Almost from the outset, ‘Yellow’ is seen on screen, initially as a hooded reflection in a rear-view mirror, but soon afterwards in full frontal. Despite being a mass-murdering sociopath, it’s difficult not to laugh at his very presence. Very clearly played by Adrien Brody (despite being credited as Byron Deidra), he hobbles around the set mouthing threats in a hilariously bad Italian accent. His skin is literally yellow – an affliction explained through a torturously hackneyed back-story – and his face looks like a particularly unthreatening Bo Selecta mask. It’s impossible to take him seriously – not least when he’s seen sucking a child’s dummy.

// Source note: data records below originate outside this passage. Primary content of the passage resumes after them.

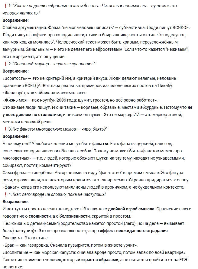 Например, вот пользователь стороннего портала, даже не стесняясь, ответил мне на уличение в использовании нейронки классическим текстом с разбором по пунктам: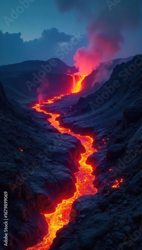 Fototapeta premium Lava flows from a volcanic vent in Hawaii, creating a dramatic landscape of fire and rock The molten rock glows intensely against the dark night sky , volcanic activity, creation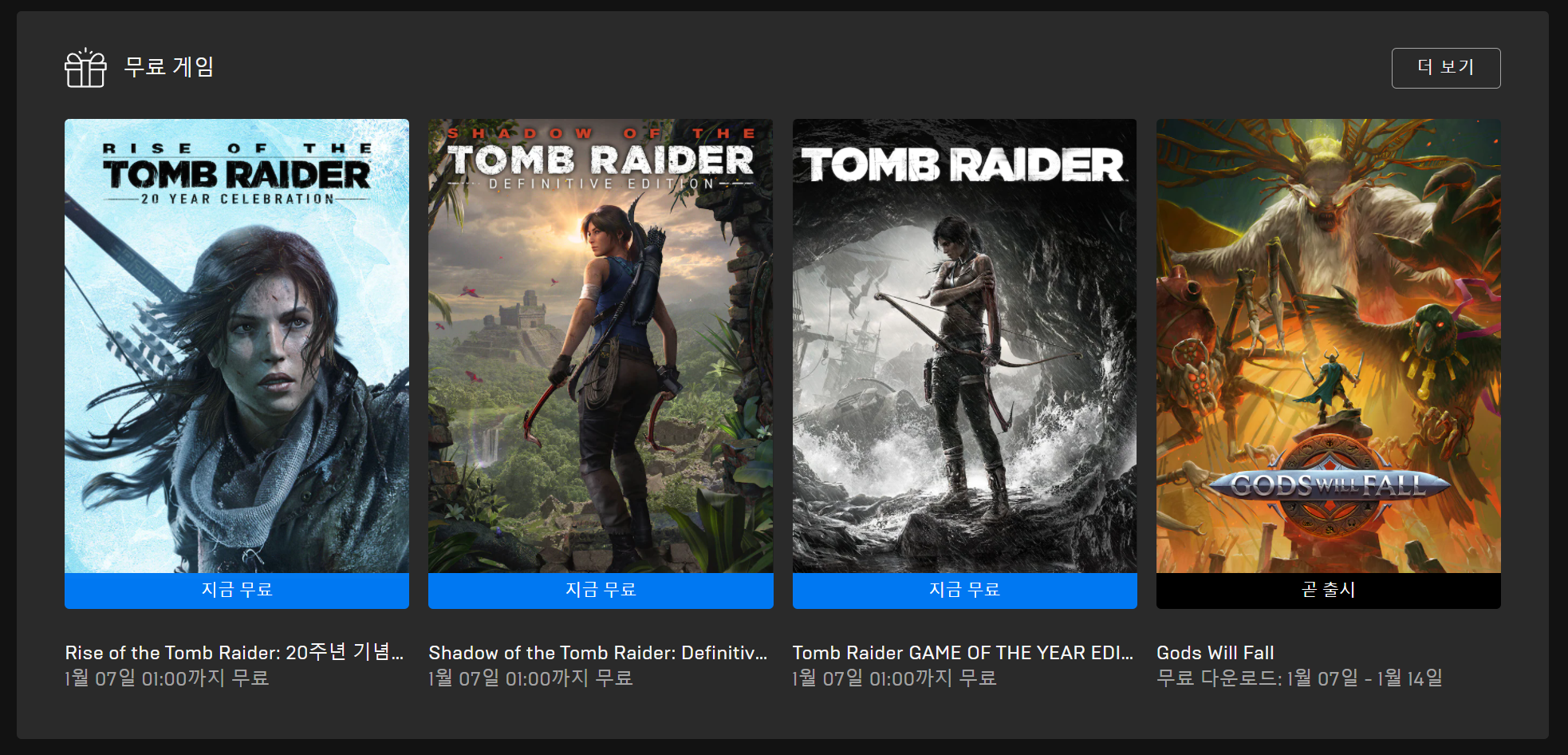 위와 같이 Rise of the Tomb Raider, Shadow of the Tomb Raider, Tomb Raider GOTY에 '지금 무료' 버튼이 부터 있습니다. ㅎㅎ

Brody is barely any better in his larger role as the noirish detective. He phones in his performance as the jaded cop so half-heartedly that it’s little wonder people were reluctant to pay him for his role in proceedings. It’s a real shame, as the opportunity to play two conflicting parts would be attacked with relish by most actors. But again, some of the blame for this must lie with the writers who completely fail to capitalise on the interesting notion that the policeman and the kidnapper are two halves of the same coin. It is an idea which is explored to a degree, but it never goes far enough and seems like an afterthought rather than a key plot-point.

With little beneath the surface, the action is extremely superficial. Thankfully it zips along to the predictable conclusion fairly speedily. Occasional graphically violent episodes punctuate the plot – and these vary greatly in their quality. Some are genuinely shocking, others shockingly bad. There also seems to be a preoccupation with ejaculation as the killer towers over Celine watching her blood pumping from her severed finger as he squirts anaesthetic from a syringe. As with many of the themes touched upon here, the killer’s sexual interest in the girls he kills is only partially explored – yet another strand which might have been expanded on rather than trying to jam every hoary old cliché into ninety minutes of action.

Giallo is a hugely flawed movie. With an unconvincing pantomime villain at its heart and a series of one dimensional characters making up the numbers, Argento needed a strong storyline or some original ideas to carry the movie. Instead, he throws every cliché in the book at his production in the hope that some of it sticks – it just makes a mess. Better writing and a more focused figure at the helm might have rescued a half-decent film from the footage on display. Brody will be breathing a sigh of relief that Giallo never made it to the cinema.